Idate signs: touching Joanna’s hair near her head was a strong signal to idate. Touching her bra was like the greeniest green light of all. There were other great signs like close proximity and other incidental touches while I gesticulated but that was the nail in the coffin. Once you have a good level of physical compliance you should…
Enquire for logistics: I asked where Joanna was going and she was on her way to pick up dinner and then go home but she couldn’t get it until her voucher came into effect (it only worked after 9pm or something). I figured that I had at least one drink’s worth of time to filter her via my escalation and see where she sat. If she was really into me but was still hungry then we could easily go somewhere for her to scarf down some food. In reality she never pushed to go and get food and the idate progressed. Now if she’d said she was on her way to meet friends right now or later that evening, I’d probably have let her go and taken a number. I wouldn’t have had enough time to get her back to mine and even if she would have been meeting them many hours later, it would have still loomed large in her mind. My key aim in these circumstances is to avoid idates which have very low chances of leading to SDLs.
Alcohol: you can calibrate a girl based on what she drinks. Joanna wanted a cider, the bartender pulled a pint and Joanna never spoke up regarding the size. If a girl orders a small glass of wine you can tell that she’s either just window shopping or is genuinely undecided on you. Pints of beer and cider mean business.
“This is fast!”: I take this to mean that a girl is impressed by my bravado and wants me to continue escalating as so, especially if she says it right after a key moment of escalation. Naturally if she’s rejecting a few touches here and there, she’s probably on a script so slow you’d rather overescalate it than see it to the end. If she follows up her comment and tries to redirect the conversation to comfort topics where she wants you to qualify (e.g. “this is so fast, we don’t even know each other. Tell me about yourself”) then in my experience she’s a timewaster. A girl who genuinely likes you but just wants more comfort will either go directly to a topic she knows you’re interested in (by way of apology) or will stay quiet to evaluate your ability to rebuild the vibe.
Framing the girl: we’re always trying to frame girls by using words like ‘crazy’ (in an advantageous way), ‘easygoing’ and ‘rebellious,’ to name a few.
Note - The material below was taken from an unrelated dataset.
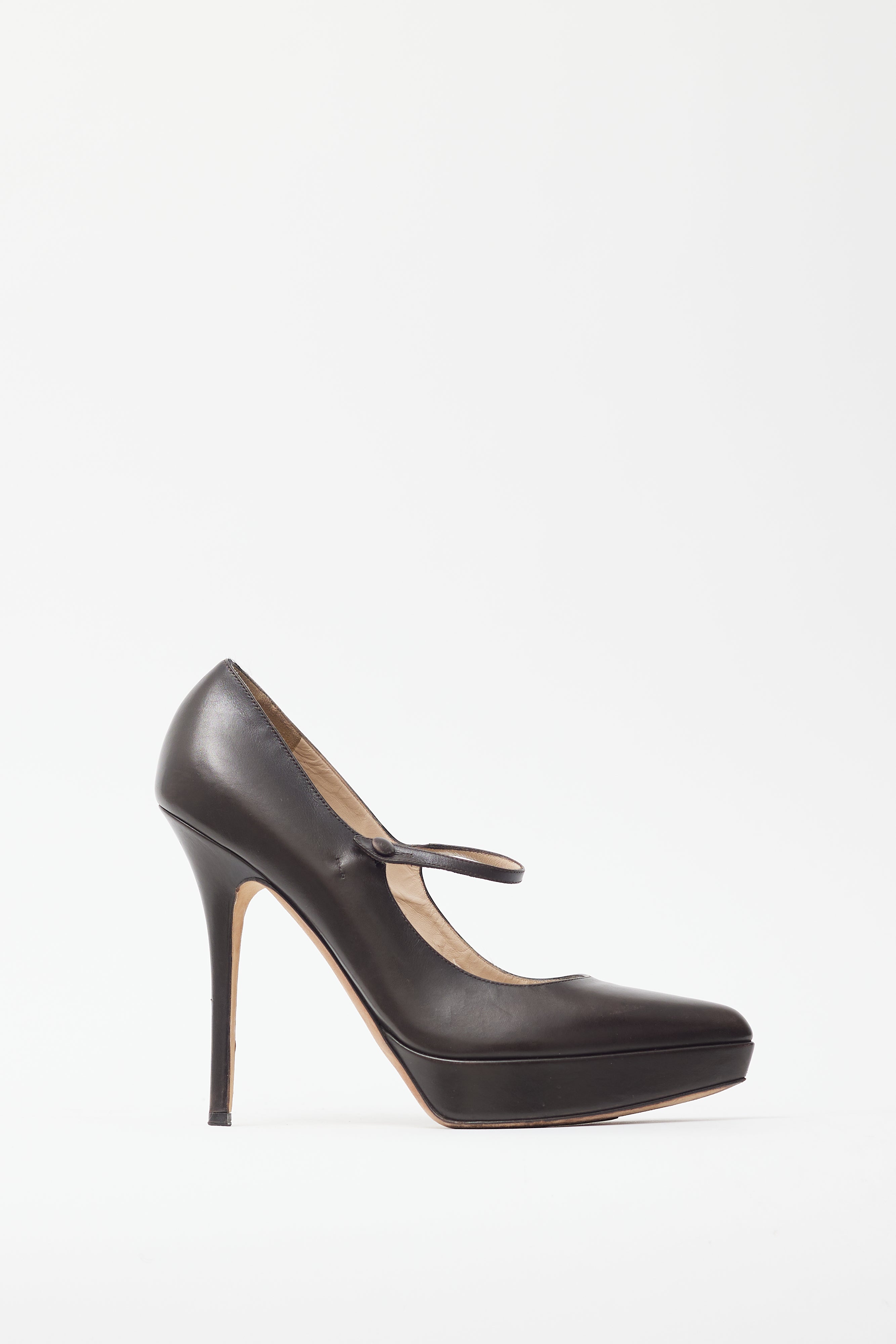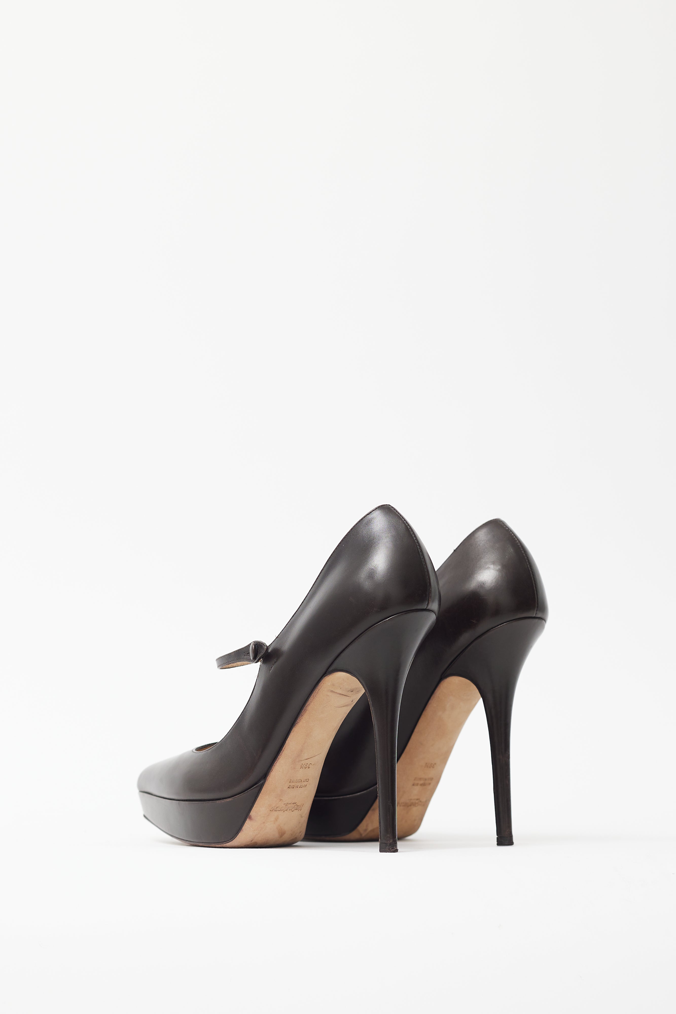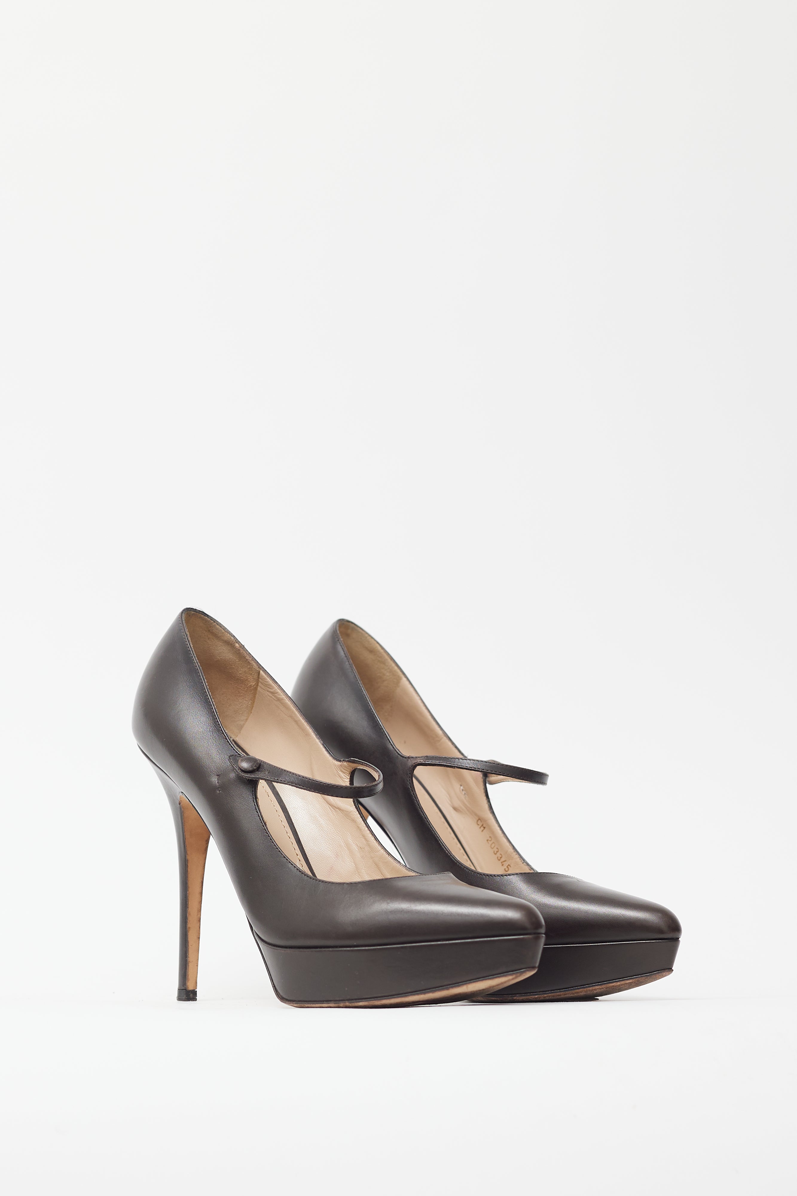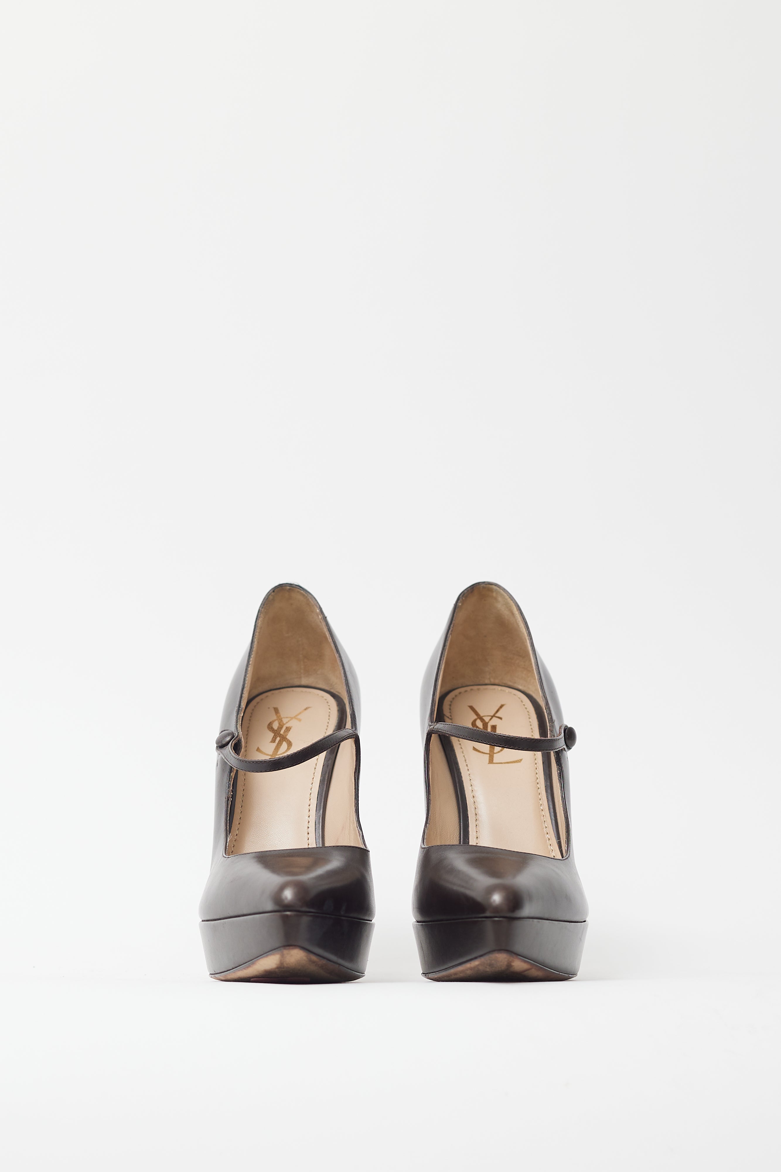 Pre-owned Yves Saint Laurent mary jane pumps featuring brown leather uppers, strap with button detail at vamp, a pointed toe, short platform, and stiletto heel. Comes with original dust bag.

The problem is where we accidentally introduce frames to the girl which are counterproductive to seduction. The bigger problem is that a girl will always allow you to derail the seduction, it’s one of her derailment methods (cue the Pimp My Ride meme…). What began as my innocuous observation led her to associating herself with that frame and holding it in her mind. It meant for her to comply, she had to not comply (to be a tease). I’ve had this before where I’ve jokingly said “alright princess” to some entitled behaviour and the girl just snapped and went “yes, I am a princess” and from then on it was a lost cause. Framing ought to come with trigger warnings!
Tire her out: you’ll notice that girls will stamp their feet and ball their fists but it’s all just an outlet for their energy. If they’re attracted to you and there are no logistical barriers you just need to wait her out. For example, see my post on what I called the ‘stealth-on super slut’: those girls will actually act with poor behaviour even though they want to have sex, because of their pent up ASD. You’ll see it with regular girls too where they become difficult for a period of time, probably because they don’t want to seem easy. The key is to identify the moment where you know that if you keep your value where it is now, she’ll sleep with you, and to act consistently from then on knowing that it’s only a matter of time.